# Aim of the exercise:
Below are records with pictures. Reproduce exactly the lines from the line with "On the post-test, the" to the line with "TOYOTA ESTIMA - лот 381", inclusive, and leave each picture out.

# Supplied data:
=== Section Start ===
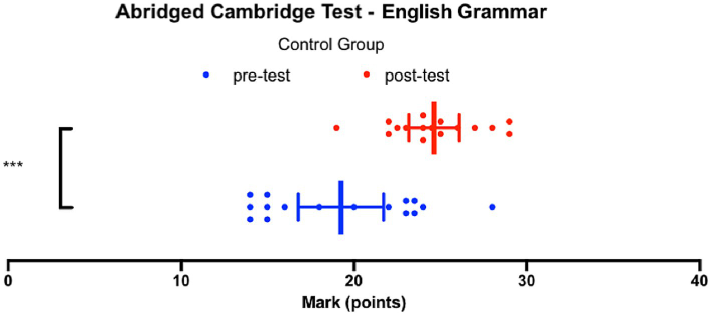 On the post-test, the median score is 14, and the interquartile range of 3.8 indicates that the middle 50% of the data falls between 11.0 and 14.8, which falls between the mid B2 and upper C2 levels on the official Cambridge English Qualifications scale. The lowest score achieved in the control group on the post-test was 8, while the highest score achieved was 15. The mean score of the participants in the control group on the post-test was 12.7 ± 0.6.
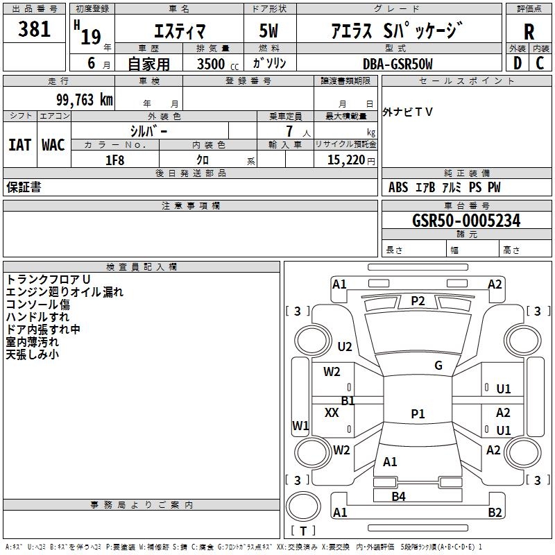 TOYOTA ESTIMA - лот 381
=== Section End ===
=== Section Start ===
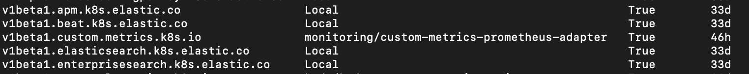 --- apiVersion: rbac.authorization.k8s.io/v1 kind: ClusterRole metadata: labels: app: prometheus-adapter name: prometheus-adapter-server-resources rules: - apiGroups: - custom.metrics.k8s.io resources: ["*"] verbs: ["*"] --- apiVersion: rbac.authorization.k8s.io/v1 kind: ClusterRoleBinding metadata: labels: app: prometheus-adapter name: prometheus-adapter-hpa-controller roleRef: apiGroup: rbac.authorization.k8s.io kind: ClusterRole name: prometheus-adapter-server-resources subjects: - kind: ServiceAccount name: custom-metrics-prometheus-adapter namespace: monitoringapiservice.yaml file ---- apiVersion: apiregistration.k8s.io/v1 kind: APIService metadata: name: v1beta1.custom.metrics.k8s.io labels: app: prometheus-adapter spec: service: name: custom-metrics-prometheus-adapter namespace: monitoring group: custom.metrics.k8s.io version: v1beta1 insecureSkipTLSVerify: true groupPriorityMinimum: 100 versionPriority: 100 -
=== Section End ===
=== Section Start ===
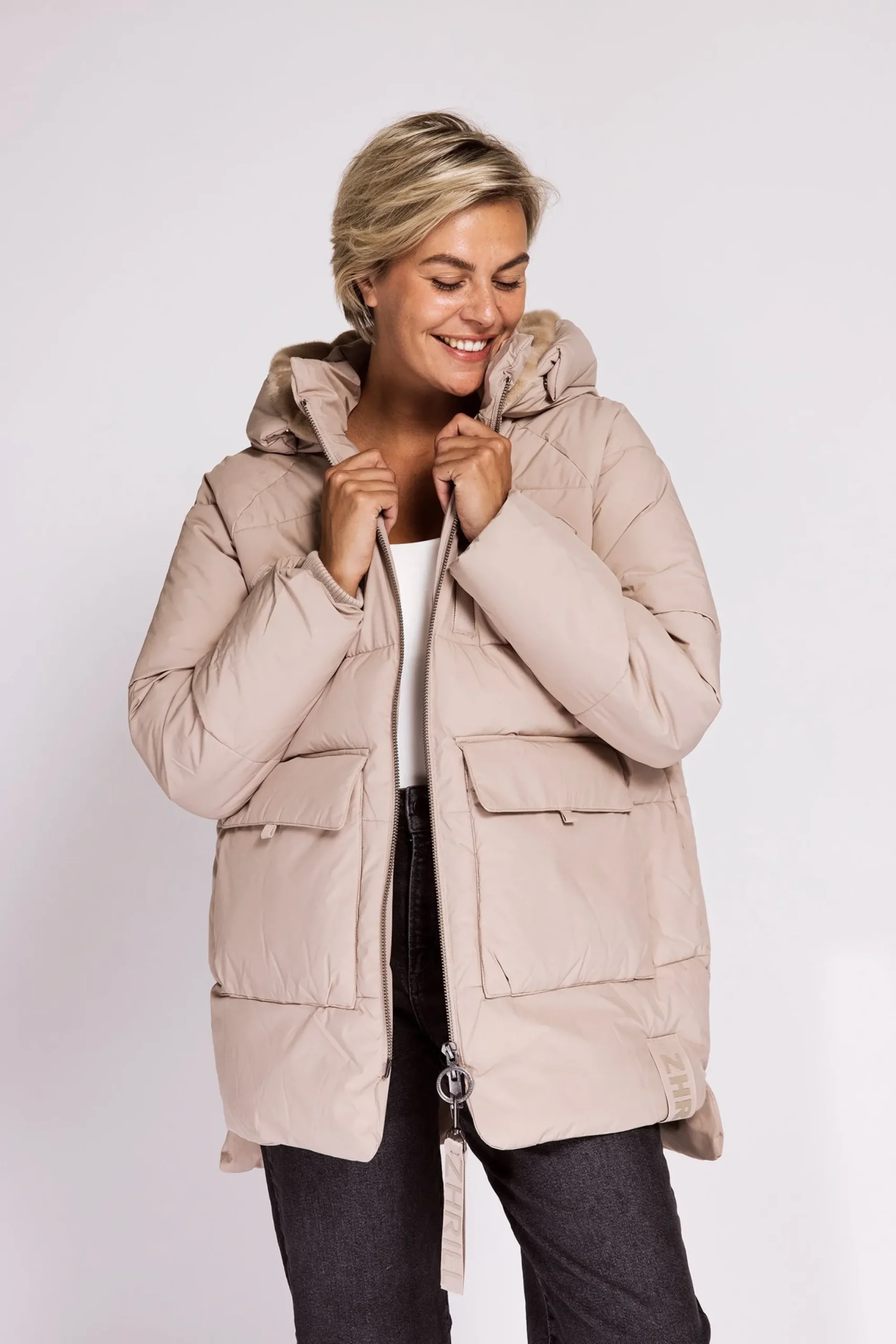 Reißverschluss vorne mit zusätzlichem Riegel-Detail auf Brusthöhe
=== Section End ===
# Response area:
 On the post-test, the median score is 14, and the interquartile range of 3.8 indicates that the middle 50% of the data falls between 11.0 and 14.8, which falls between the mid B2 and upper C2 levels on the official Cambridge English Qualifications scale. The lowest score achieved in the control group on the post-test was 8, while the highest score achieved was 15. The mean score of the participants in the control group on the post-test was 12.7 ± 0.6.
 TOYOTA ESTIMA - лот 381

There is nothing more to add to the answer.